DT applications and claims: Overview of agreements
What to do if you are asked a question about taxation in another country
You might be asked by a resident of another country about their liability to tax in their country of residence. This question will most often arise where, under the terms of a DTA, the UK retains primary taxing rights over some amount of the person’s income. An example of this is a pension that is paid by the UK Government to someone who is resident in a country where the DTA does not provide for relief from UK tax.
You should not offer an opinion about how the income will be taxed in the other country. The reason for this is that the domestic law of the other country will determine how the income is to be taxed there.
Where the DTA provides for the UK to have primary taxing rights over the income that does not mean that the other country will not also want to include the income in any calculation of taxable income. It will often be the case that the tax law of the other country will result in a resident of that country being taxed on their worldwide income. But we cannot know for certain that this is what will happen in any particular case.

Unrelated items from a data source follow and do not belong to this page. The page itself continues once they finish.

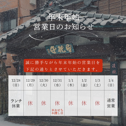 上越・高田御城下、百年の味わい。 令和8年1月4日(日)~1月8日(木)の期間は 「おせちランチ(ミニおせち二段重+お雑煮)」をご用意して 皆様のお越しをお待ちしております。 おせちランチ 3,980円(甘味・コーヒー付 […]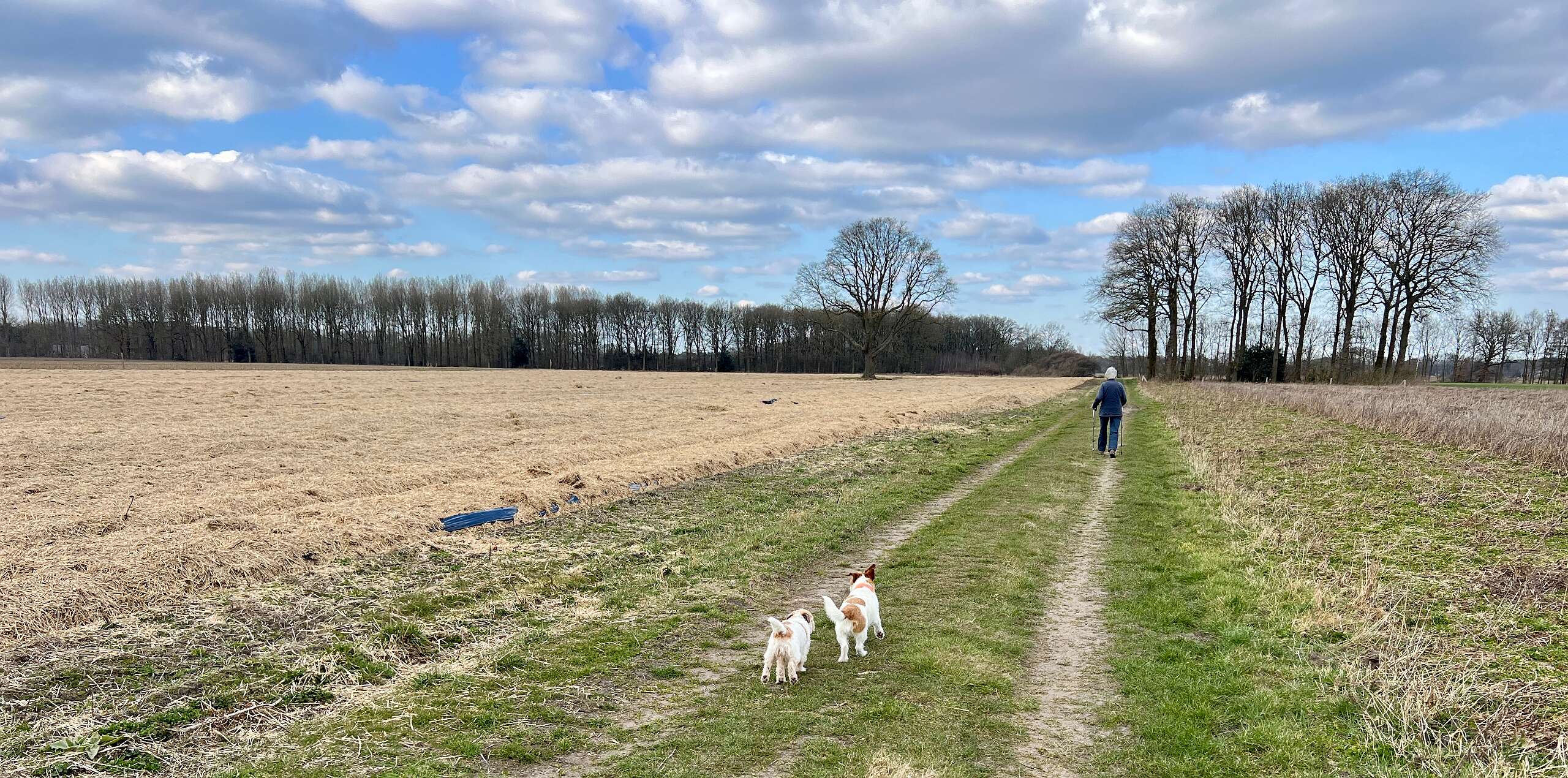 Een wandeling van ruim 10km die we maakten in 2025. Hij begint bij de stuw van Junne en wordt met dikke blauwe pijlen aangegeven, zie het blauwe spoor op de kaarten. Deze wandeling volgt deels het traject van deze wandeling uit 2014, het rode spoor op de kaarten.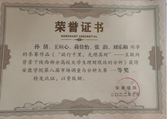 第十二届陕西省市场调查大赛省级三等奖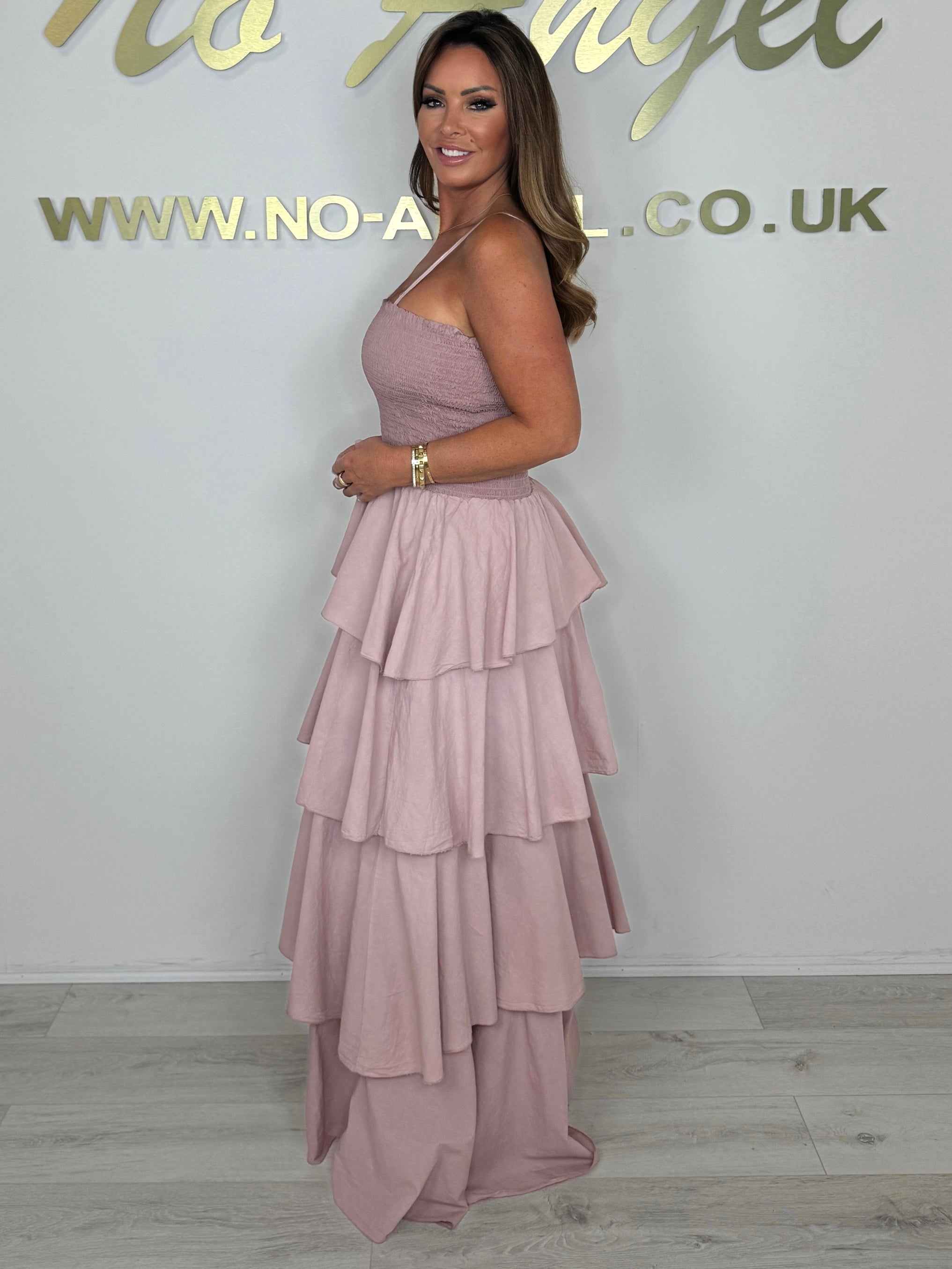 Spaghetti Strap Smocked Layered Bottom Maxi Dress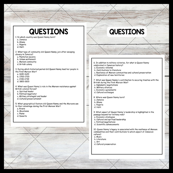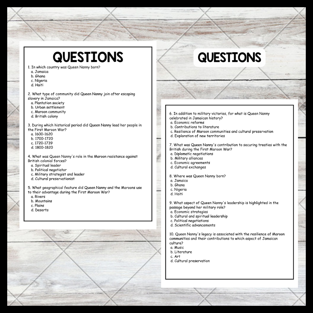 - "QUEEN NANNY" WOMEN’S HISTORY MONTH Reading Comprehension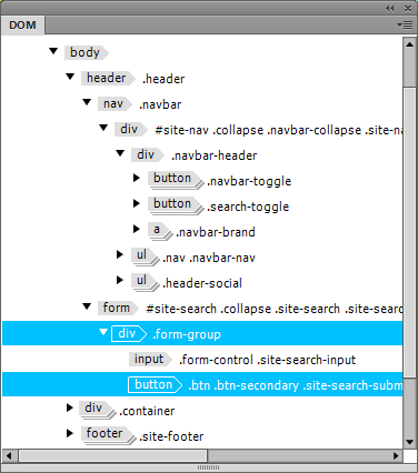 Etiketleri, sınıfları ve kimlikleri DOM panelinde çift tıklatarak düzenleyebilirsiniz. Ayrıca boşlukla ayırarak ilave sınıflar veya kimlikler ekleyebilirsiniz. Bir sınıf veya kimlik ile ilişkilendirilmemiş etiketler için, etiketi çift tıklattıktan sonra sınıfın veya kimliğin adını yazın.

You will usually find that where a DTA gives primary (or even sole) taxing rights over income to the UK, the ‘Elimination of Double Taxation’ article in that DTA will also apply in such a way as to provide for credit to be allowed by the country of residence for any tax that is paid in the UK. However, you should not express an opinion about how the law of the other country will apply.
Any advice that you give must be restricted to pointing out that all of the UKs DTAs contain provisions that are intended to eliminate double taxation. That these provisions vary from treaty to treaty and that the person will need to seek professional advice from someone who is qualified to give advice about how the law of the other country applies to them.